(Recorded information Opens)
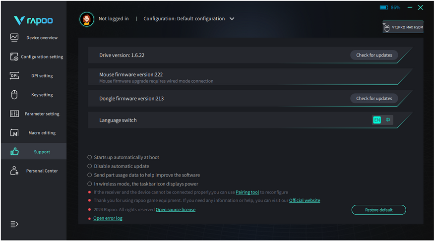 На мыши Rapoo VT1Pro Max с сенсором PAW3950 можно активировать частоту опроса 8000 Гц. Согласно инструкции необходимо выставить 1600 DPI и в специальной утилите откроется доступ к функции. Посмотрим что за программа.
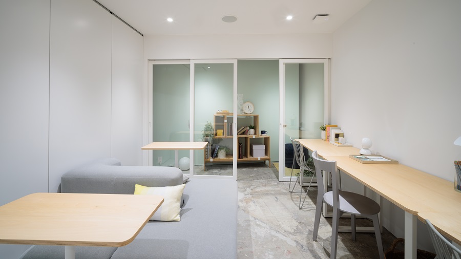 最大15人用の個室オフィススペースから、フリーデスクまで、多様なオフィス需要にお応えします。共用部を活用すれば、オフィスの面積以上に仕事に使えるスペースは広がります。アプリで解錠できるセキュリティや無料のWi-Fiなど設備面も充実しています。
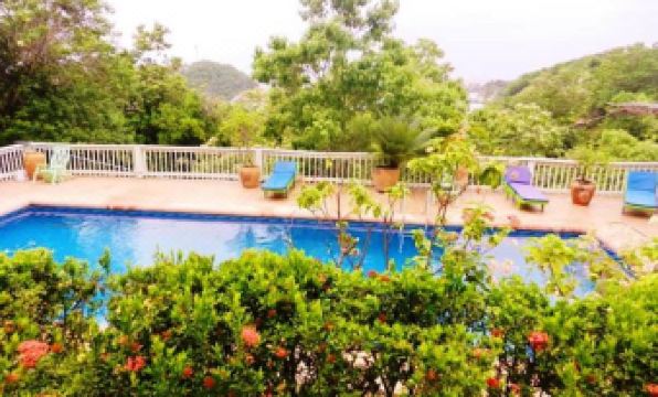 Goo location, but you will have to walk up a hill and a few stairs. Pool is at the very top, it's a good size and kept clean. There is no restaurant or breakfast available but you can get a coffee in the mornings. WiFi is only available near the eating and reception area. Rooms are big and have a hammock each, the beds are a little firm and there is only a fan. Also noticed that there was a drainage issue in the bathroom so there is a bit of a smell. There is also only light curtains on all the windows.
(Recorded information Closes)
What needs to be done: Please produce an exact copy of the listing, omitting the pictures.

Answer section:
 На мыши Rapoo VT1Pro Max с сенсором PAW3950 можно активировать частоту опроса 8000 Гц. Согласно инструкции необходимо выставить 1600 DPI и в специальной утилите откроется доступ к функции. Посмотрим что за программа.
 最大15人用の個室オフィススペースから、フリーデスクまで、多様なオフィス需要にお応えします。共用部を活用すれば、オフィスの面積以上に仕事に使えるスペースは広がります。アプリで解錠できるセキュリティや無料のWi-Fiなど設備面も充実しています。
 Goo location, but you will have to walk up a hill and a few stairs. Pool is at the very top, it's a good size and kept clean. There is no restaurant or breakfast available but you can get a coffee in the mornings. WiFi is only available near the eating and reception area. Rooms are big and have a hammock each, the beds are a little firm and there is only a fan. Also noticed that there was a drainage issue in the bathroom so there is a bit of a smell. There is also only light curtains on all the windows.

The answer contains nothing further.